──────── DATASET EXCERPT

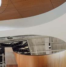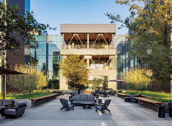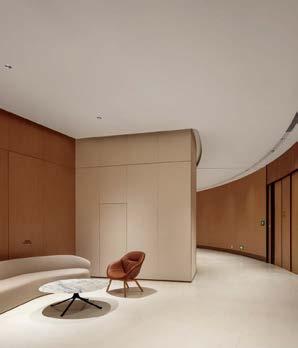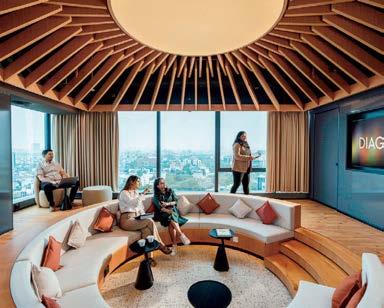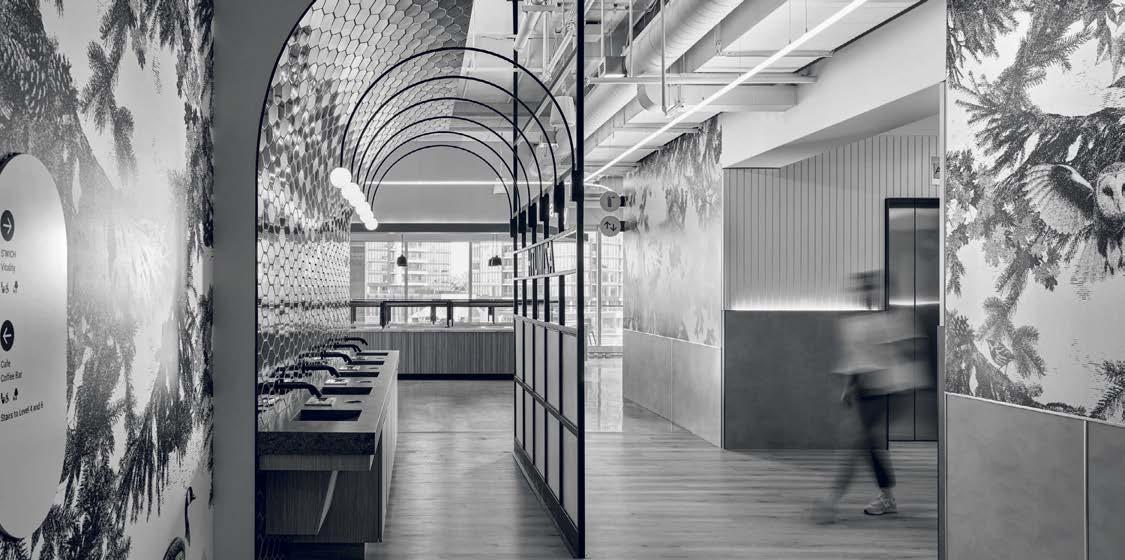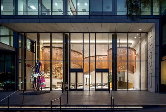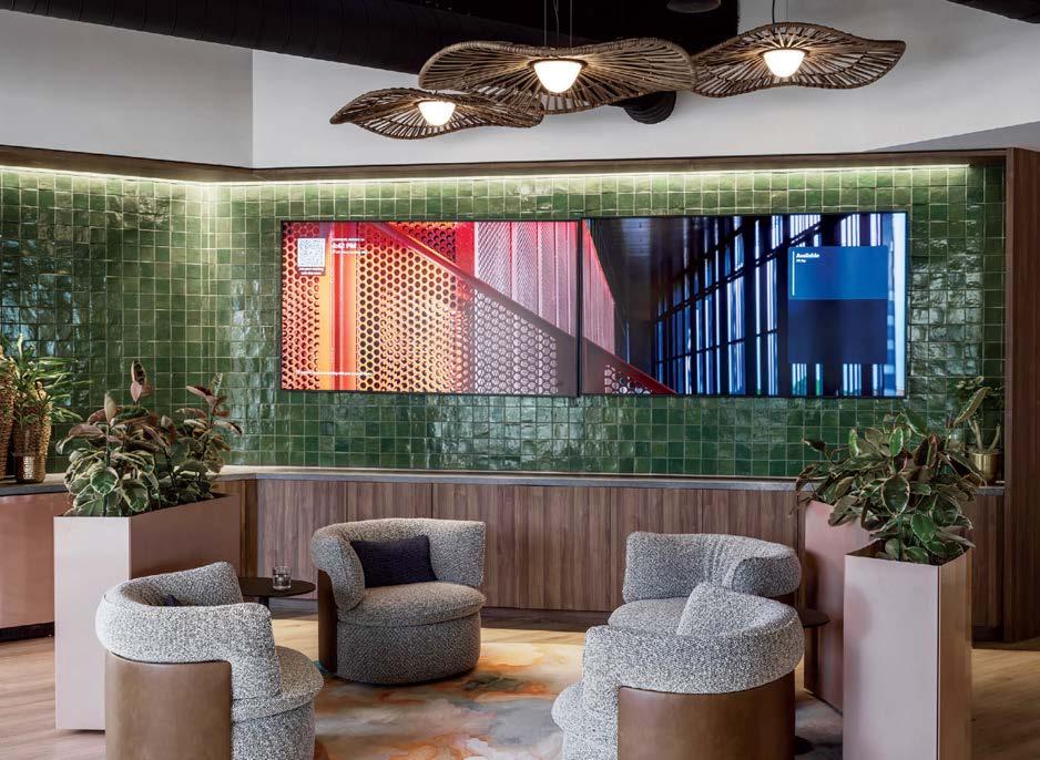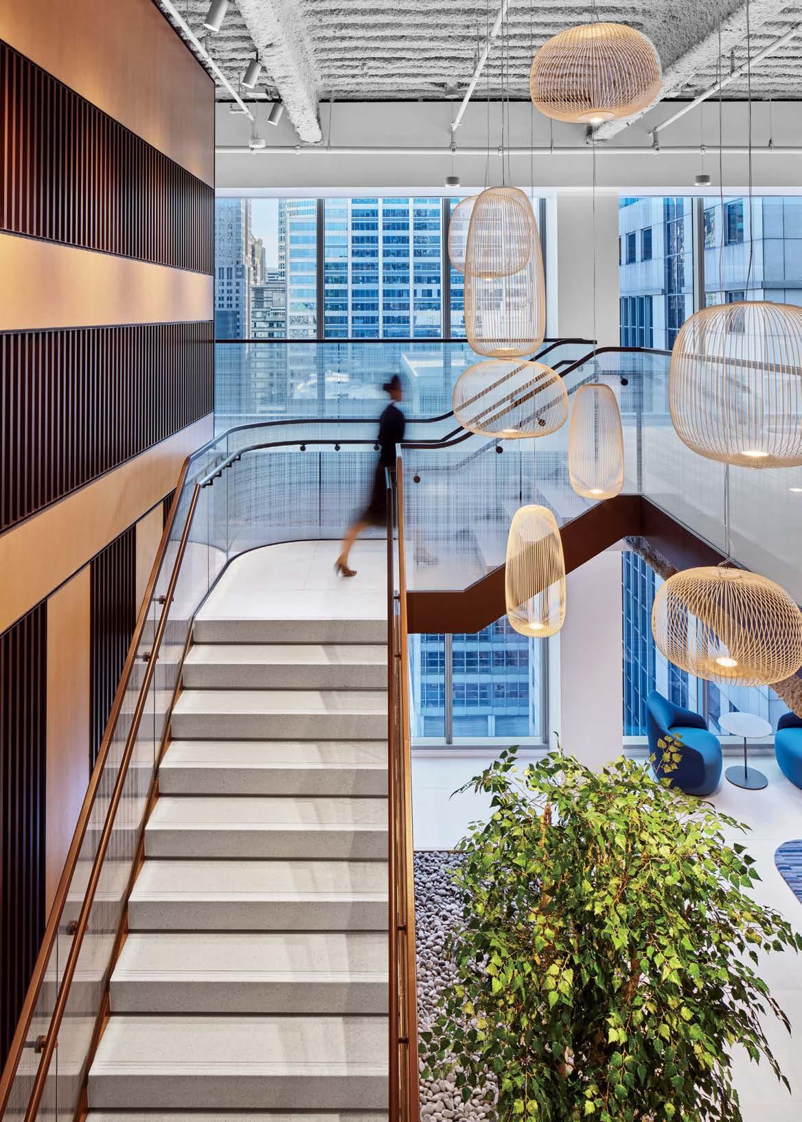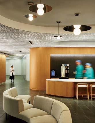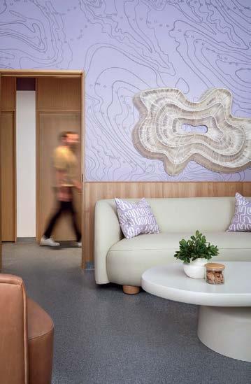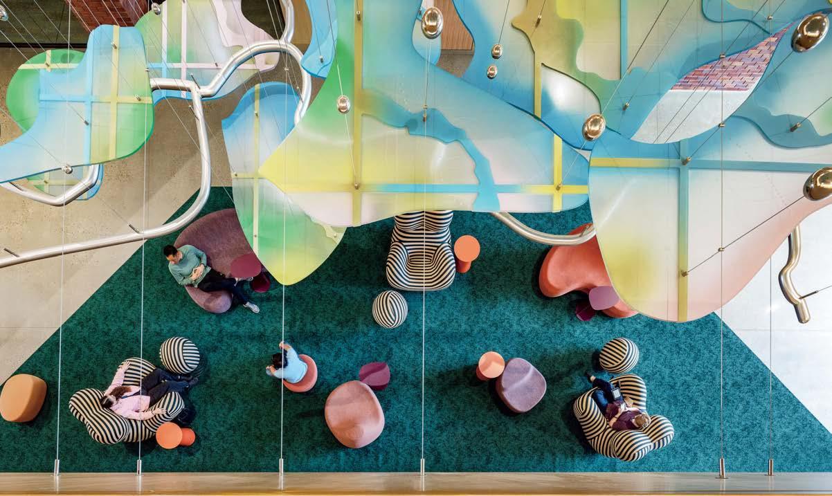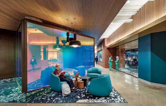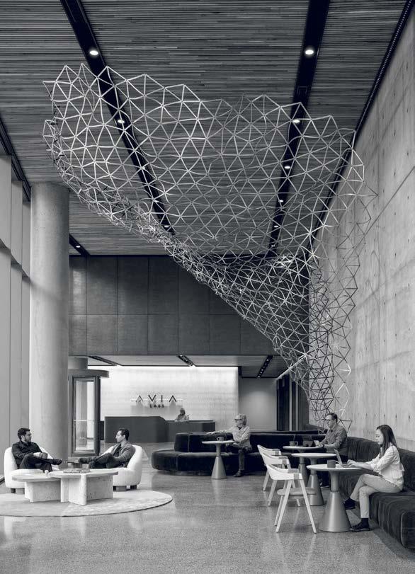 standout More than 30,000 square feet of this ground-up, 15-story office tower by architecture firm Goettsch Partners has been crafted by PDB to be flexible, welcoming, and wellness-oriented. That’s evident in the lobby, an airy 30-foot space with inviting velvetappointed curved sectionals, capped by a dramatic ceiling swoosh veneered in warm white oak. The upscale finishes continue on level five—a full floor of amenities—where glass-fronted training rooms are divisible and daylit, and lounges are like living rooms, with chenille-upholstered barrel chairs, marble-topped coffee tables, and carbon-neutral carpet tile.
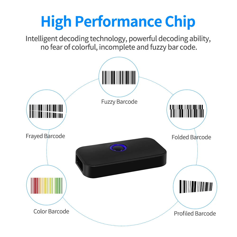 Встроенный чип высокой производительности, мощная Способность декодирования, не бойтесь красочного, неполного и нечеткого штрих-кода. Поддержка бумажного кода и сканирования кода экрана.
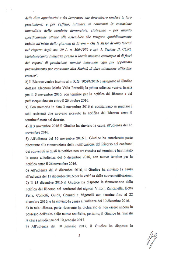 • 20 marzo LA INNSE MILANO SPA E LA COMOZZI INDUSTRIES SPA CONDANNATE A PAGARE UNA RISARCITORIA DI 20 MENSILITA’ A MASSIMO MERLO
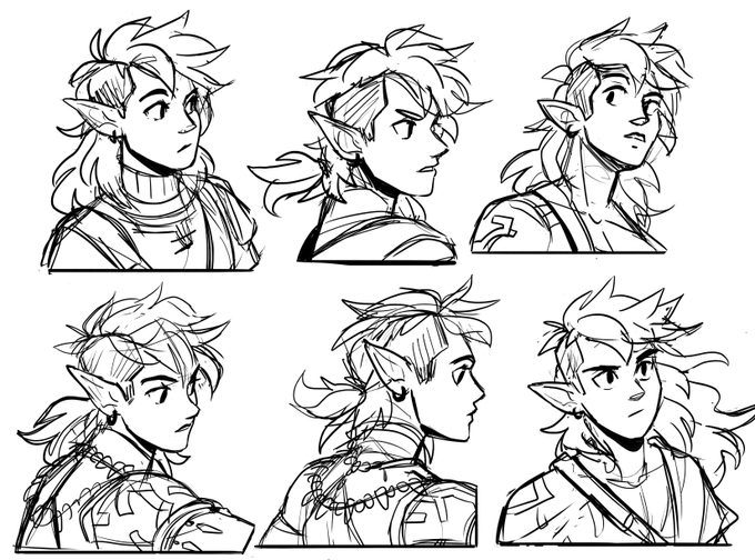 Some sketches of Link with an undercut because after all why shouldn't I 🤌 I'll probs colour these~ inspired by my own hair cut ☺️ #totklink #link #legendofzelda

────────────────

▶ **WHAT THE EXERCISE ASKS**
Please output the material above again, exactly, and omit every image.

▶ **ANSWER BELOW**
 standout More than 30,000 square feet of this ground-up, 15-story office tower by architecture firm Goettsch Partners has been crafted by PDB to be flexible, welcoming, and wellness-oriented. That’s evident in the lobby, an airy 30-foot space with inviting velvetappointed curved sectionals, capped by a dramatic ceiling swoosh veneered in warm white oak. The upscale finishes continue on level five—a full floor of amenities—where glass-fronted training rooms are divisible and daylit, and lounges are like living rooms, with chenille-upholstered barrel chairs, marble-topped coffee tables, and carbon-neutral carpet tile.
 Встроенный чип высокой производительности, мощная Способность декодирования, не бойтесь красочного, неполного и нечеткого штрих-кода. Поддержка бумажного кода и сканирования кода экрана.
 • 20 marzo LA INNSE MILANO SPA E LA COMOZZI INDUSTRIES SPA CONDANNATE A PAGARE UNA RISARCITORIA DI 20 MENSILITA’ A MASSIMO MERLO
 Some sketches of Link with an undercut because after all why shouldn't I 🤌 I'll probs colour these~ inspired by my own hair cut ☺️ #totklink #link #legendofzelda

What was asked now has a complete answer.